Classic and Contemporary Buddhist Works

Meditation on the Nature of Mind - Preface

In 2007, while reading through a collection of Tibetan texts published two years earlier in eastern Tibet, I came across a short meditation text on the nature of mind, The Wish-Fulfilling Jewel of the Oral Tradition, written by the Tibetan scholar Khöntön Peljor Lhündrub (1561–1637), or Khöntönpa. The work piqued my interest for a number of reasons: clearly written, it manages to combine both theory and practical instructions for meditating on the nature of mind in a manner that is easily accessible. Especially interesting was the nonsectarian approach it took in regard to its subject matter, with liberal citations of scholars from across the Tibetan Buddhist spectrum. One other thing made the text intriguing to me personally: it was written by the fifteenth abbot of Sera Monastery’s Jé College, at which I had lived and studied as a monk for six years in the 1980s.

In the summer of 2008, I briefly met His Holiness the Dalai Lama during his visit to Pennsylvania, and as the organizer for his upcoming visit to the University of California Santa Barbara, I requested him to lecture on Khöntön Rinpoché’s text. His Holiness replied that he knew the text, but that his schedule did not permit him to give a detailed commentary on the work. Instead, he agreed to offer some general remarks that would contextualize Khöntönpa’s text within the broader field of Indo-Tibetan Buddhist thought. This became the subject of His Holiness’s first lecture at UCSB on the morning of April 24, 2009, a lecture entitled “The Nature of Mind.” His Holiness’s broad-ranging overview of this important topic constitutes the first part of this book. The lecture insightfully distills some of the most central themes of Buddhism: why the mind is so essential to the tradition, how science and traditional Buddhist learning can benefit from mutual interaction, what distinguishes subtle and grosser levels of consciousness, how the different schools of Tibetan Buddhism elaborate such a distinction, and how all of these schools have a common source in the scholarly tradition of Nalanda Monastery, the greatest Buddhist university of ancient India. His Holiness’s teaching was profound and erudite, both in scope and detail, and I am grateful to him for allowing its publication in this book.

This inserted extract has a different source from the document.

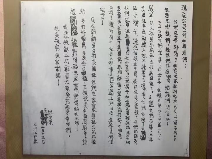 邱少云写给家人的信 图源:学习强国《英雄往事 战地家书|邱少云:带着光荣花回来看你们》

The rest of this volume is devoted to Khöntön Peljor Lhündrub and to what is arguably his most important extant work, The Wish-Fulfilling Jewel. As little has been written in Western languages about Khöntön Rinpoché, I have composed a short biography of this interesting figure. The biography is based on the few Tibetan sources on Khöntön Rinpoché’s life available to us, chiefly the biography written by his most famous student, the Fifth Dalai Lama. An annotated translation of The Wish-Fulfilling Jewel follows the biography. I have tried to make the translation as accessible as possible, rendering Tibetan names and terms in phonetics (rather than in the more difficult Wylie transliteration scheme) and avoiding the use of Sanskrit diacritical marks in the main body of the translation. Full Wylie transliteration, references to the Indian and Tibetan sources cited by Khöntönpa, and discussions of a more scholarly nature have been relegated to the notes.

His Holiness the Dalai Lama’s 2009 visit to the campus of the University of California Santa Barbara was his fourth visit here, and the first since an endowed professorship—the XIVth Dalai Lama Chair of Tibetan Buddhism and Cultural Studies—was established in his honor. His Holiness gave two public lectures to sold-out audiences, with five thousand people at each event. This was an extraordinary opportunity for students, faculty, and members of the Santa Barbara and surrounding communities to listen to and learn from one of the great religious thinkers of our time.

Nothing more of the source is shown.